Exercise data Block Start

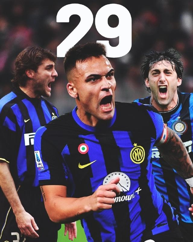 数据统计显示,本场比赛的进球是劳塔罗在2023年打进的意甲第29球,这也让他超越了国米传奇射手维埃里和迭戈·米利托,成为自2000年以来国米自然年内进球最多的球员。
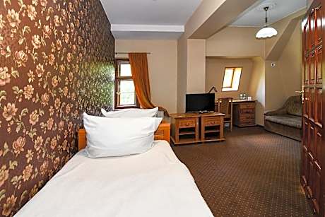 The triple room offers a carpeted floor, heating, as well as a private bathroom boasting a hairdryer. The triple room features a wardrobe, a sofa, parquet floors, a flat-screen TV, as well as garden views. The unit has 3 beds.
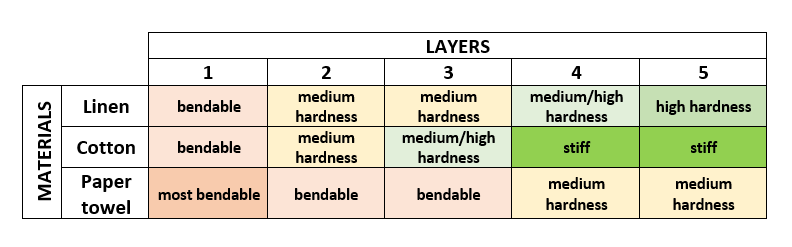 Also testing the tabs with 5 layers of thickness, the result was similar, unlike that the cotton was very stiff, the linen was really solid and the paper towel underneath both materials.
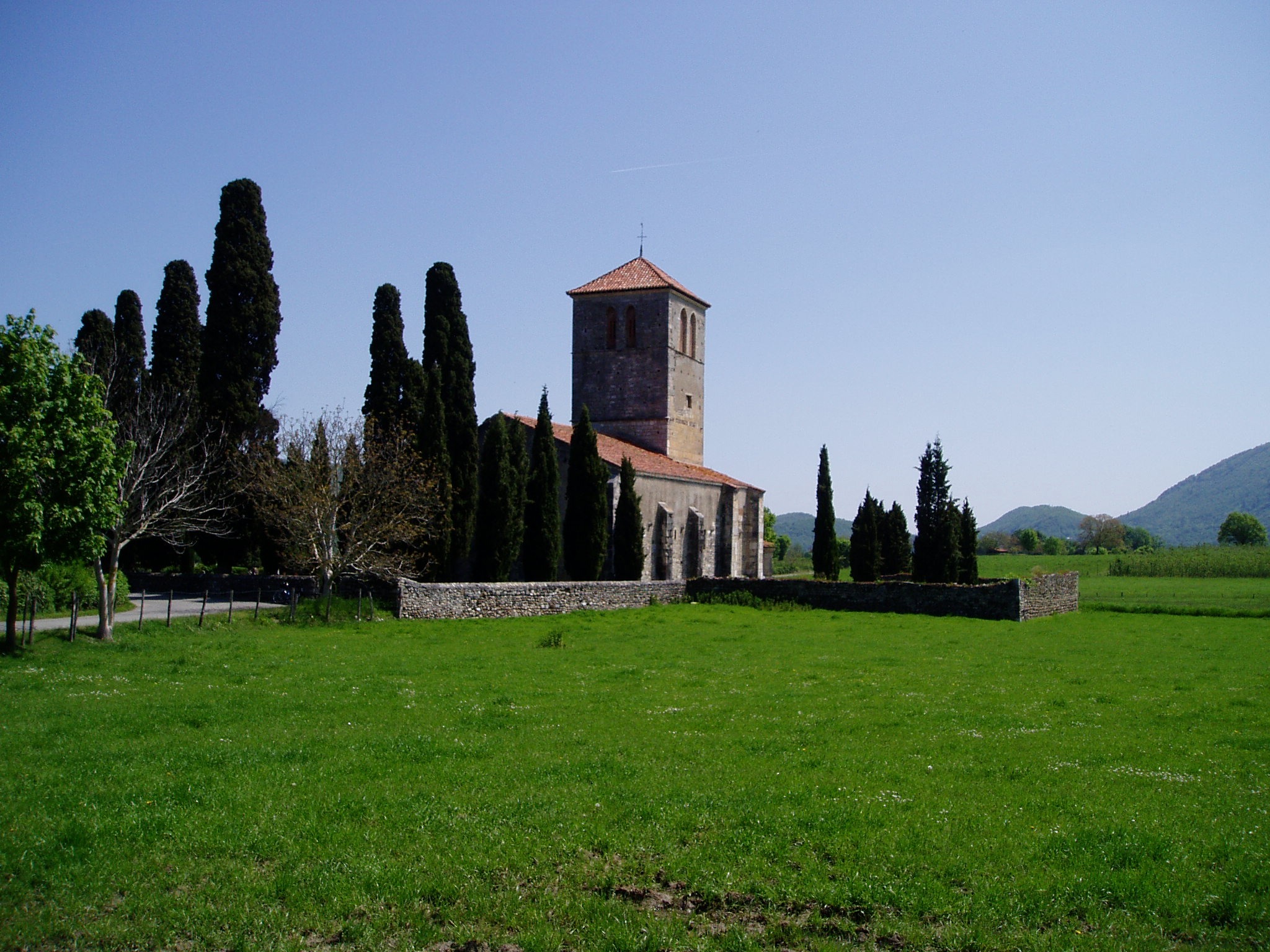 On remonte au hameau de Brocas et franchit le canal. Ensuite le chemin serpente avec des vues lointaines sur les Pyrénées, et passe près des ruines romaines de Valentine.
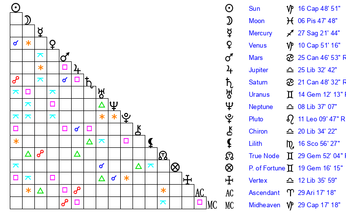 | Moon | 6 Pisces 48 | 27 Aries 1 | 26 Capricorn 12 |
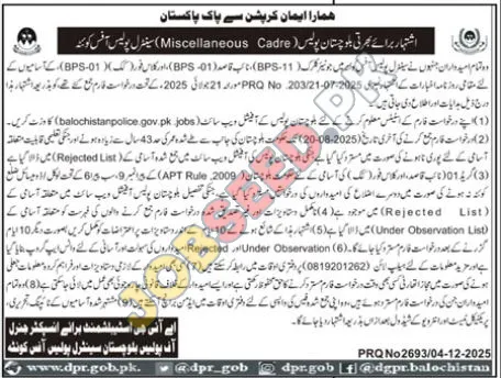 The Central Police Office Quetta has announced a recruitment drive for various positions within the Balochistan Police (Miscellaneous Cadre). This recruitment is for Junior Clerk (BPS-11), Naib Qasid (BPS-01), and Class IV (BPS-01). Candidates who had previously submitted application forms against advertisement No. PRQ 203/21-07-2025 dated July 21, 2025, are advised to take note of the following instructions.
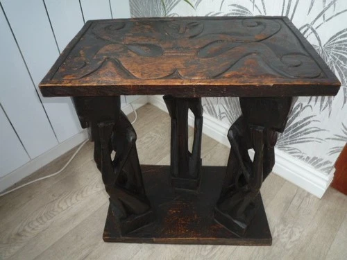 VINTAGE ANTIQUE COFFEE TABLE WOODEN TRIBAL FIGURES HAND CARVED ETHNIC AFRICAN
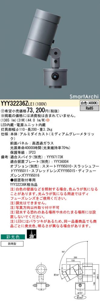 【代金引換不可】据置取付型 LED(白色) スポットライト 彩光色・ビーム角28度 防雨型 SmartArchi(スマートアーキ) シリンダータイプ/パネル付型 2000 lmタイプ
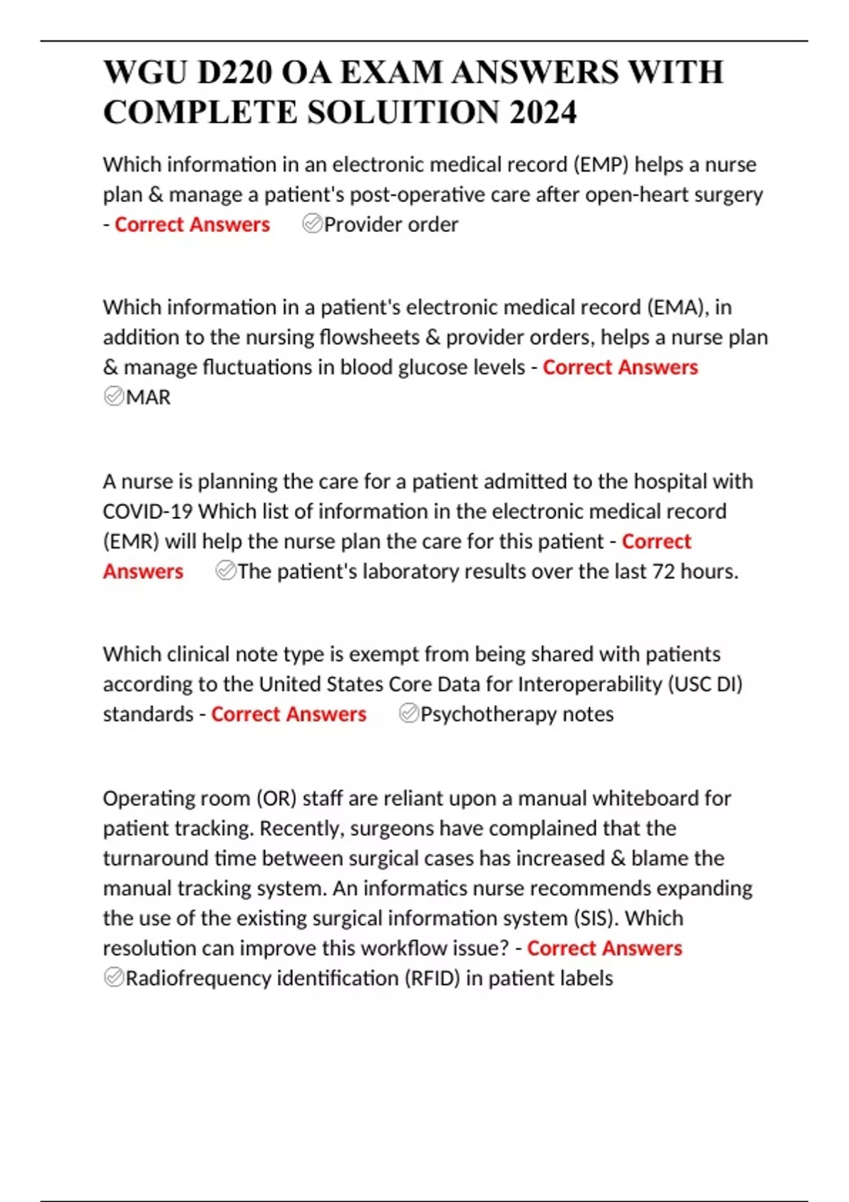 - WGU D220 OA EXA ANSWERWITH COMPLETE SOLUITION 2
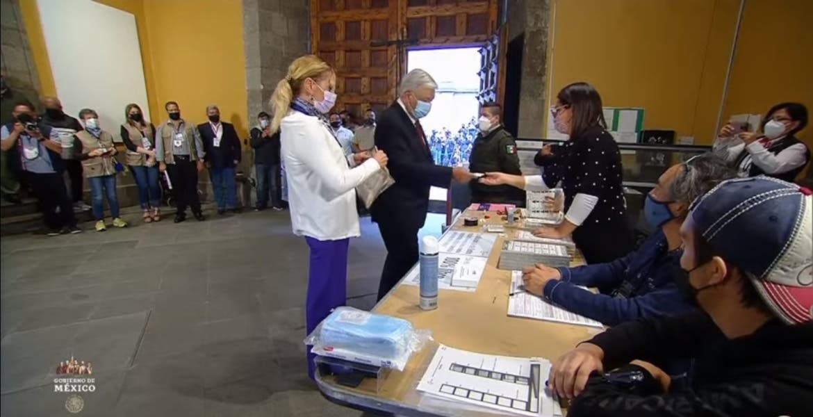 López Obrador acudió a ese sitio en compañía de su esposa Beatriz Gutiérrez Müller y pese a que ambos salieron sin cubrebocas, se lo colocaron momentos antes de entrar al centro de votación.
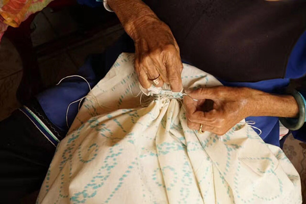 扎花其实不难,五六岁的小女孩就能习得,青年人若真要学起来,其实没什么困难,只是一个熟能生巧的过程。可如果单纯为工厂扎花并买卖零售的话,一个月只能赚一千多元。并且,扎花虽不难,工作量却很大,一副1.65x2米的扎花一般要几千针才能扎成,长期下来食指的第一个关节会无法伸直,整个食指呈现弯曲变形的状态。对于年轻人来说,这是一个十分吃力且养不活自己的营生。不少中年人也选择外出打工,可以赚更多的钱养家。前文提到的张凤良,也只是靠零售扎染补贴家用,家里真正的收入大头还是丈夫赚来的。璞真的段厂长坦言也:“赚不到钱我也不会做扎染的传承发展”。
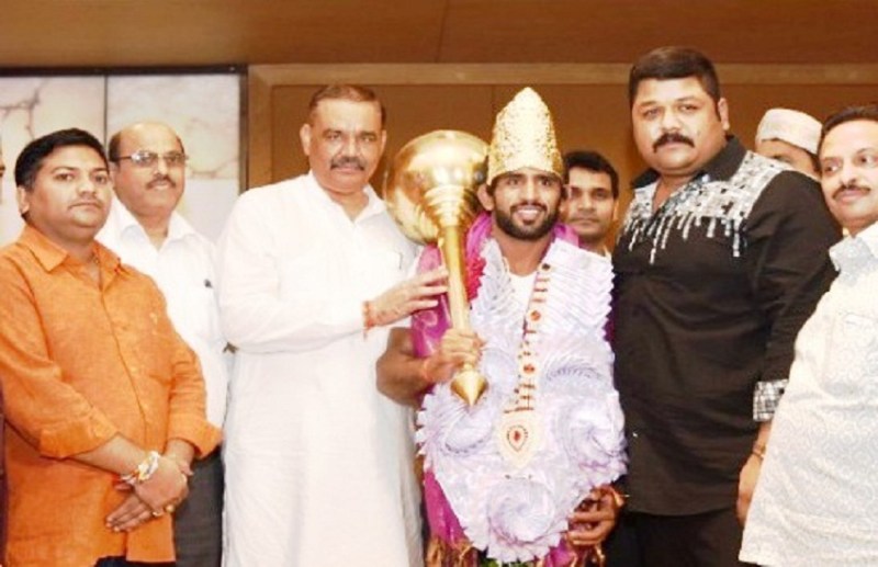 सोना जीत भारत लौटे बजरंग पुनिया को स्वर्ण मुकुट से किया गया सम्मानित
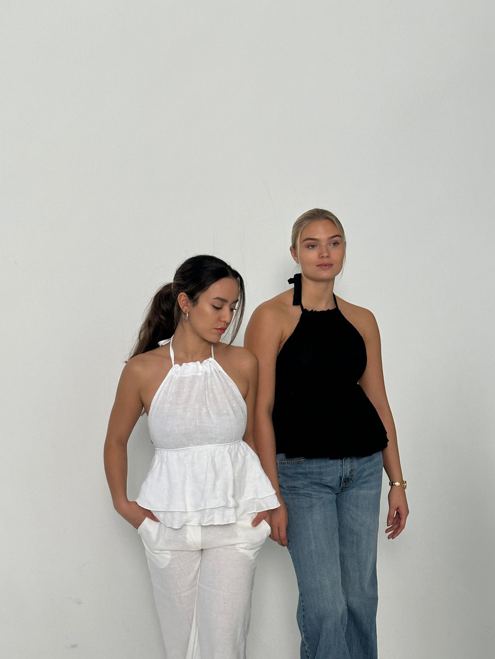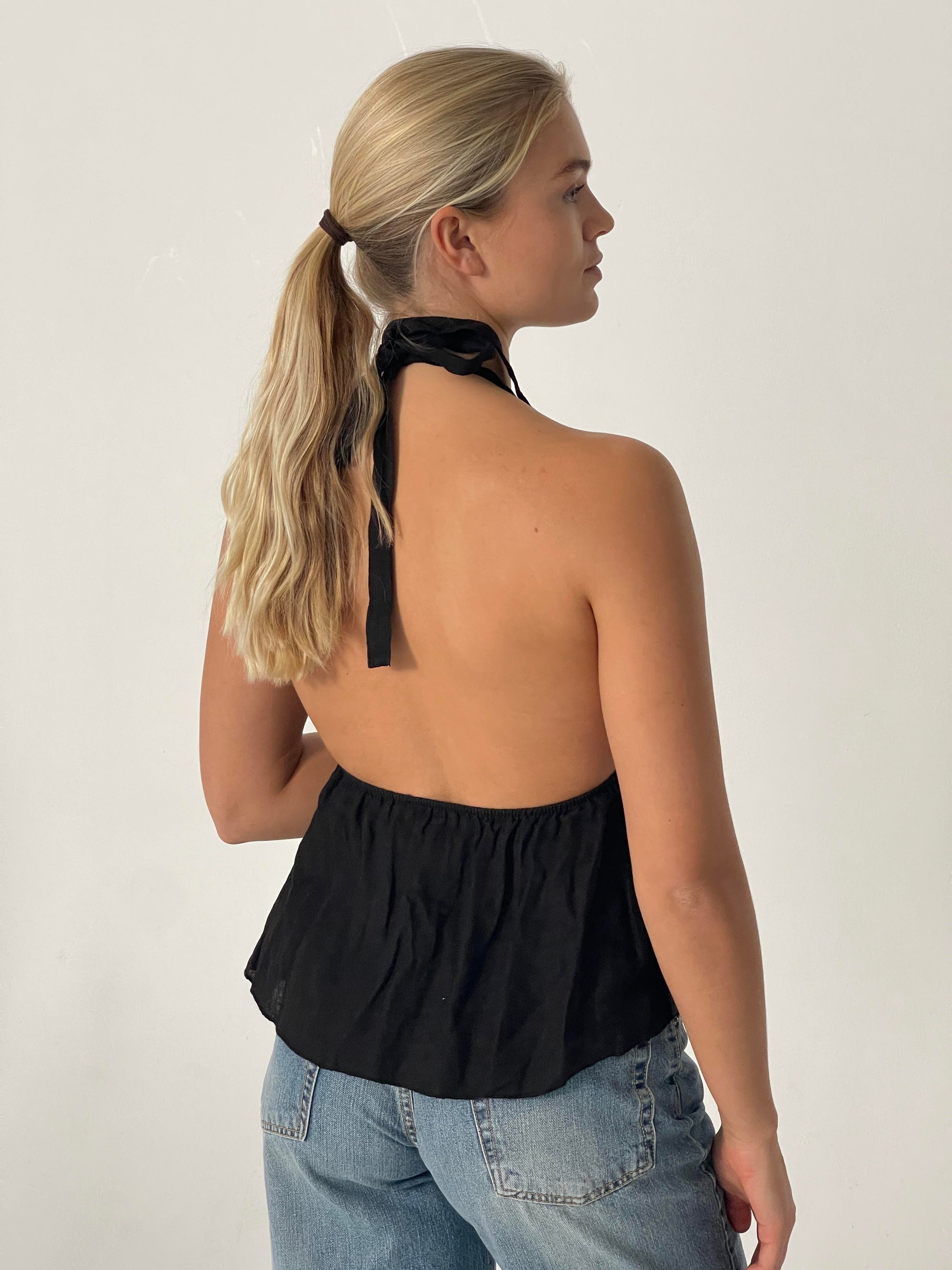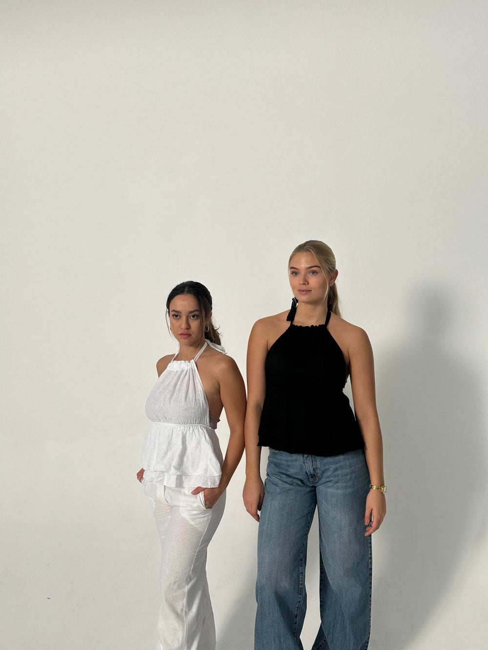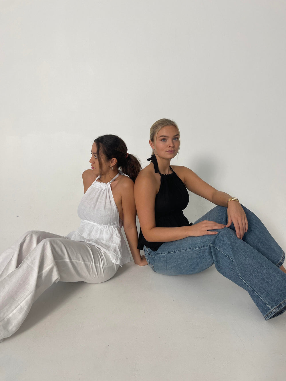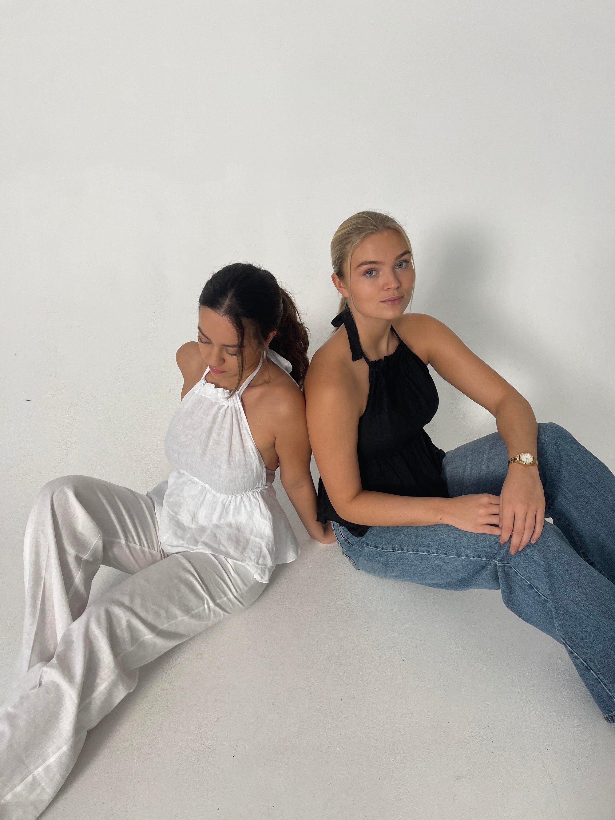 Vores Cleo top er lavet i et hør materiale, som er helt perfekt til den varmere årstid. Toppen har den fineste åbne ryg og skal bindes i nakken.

Exercise data Block End

To do: Leaving out the pictures, please output the lines in the entries above from the one with "On remonte au" through the one with "López Obrador acudió", exactly as they are.

Answer section:
 On remonte au hameau de Brocas et franchit le canal. Ensuite le chemin serpente avec des vues lointaines sur les Pyrénées, et passe près des ruines romaines de Valentine.
 | Moon | 6 Pisces 48 | 27 Aries 1 | 26 Capricorn 12 |
 The Central Police Office Quetta has announced a recruitment drive for various positions within the Balochistan Police (Miscellaneous Cadre). This recruitment is for Junior Clerk (BPS-11), Naib Qasid (BPS-01), and Class IV (BPS-01). Candidates who had previously submitted application forms against advertisement No. PRQ 203/21-07-2025 dated July 21, 2025, are advised to take note of the following instructions.
 VINTAGE ANTIQUE COFFEE TABLE WOODEN TRIBAL FIGURES HAND CARVED ETHNIC AFRICAN
 【代金引換不可】据置取付型 LED(白色) スポットライト 彩光色・ビーム角28度 防雨型 SmartArchi(スマートアーキ) シリンダータイプ/パネル付型 2000 lmタイプ
 - WGU D220 OA EXA ANSWERWITH COMPLETE SOLUITION 2
 López Obrador acudió a ese sitio en compañía de su esposa Beatriz Gutiérrez Müller y pese a que ambos salieron sin cubrebocas, se lo colocaron momentos antes de entrar al centro de votación.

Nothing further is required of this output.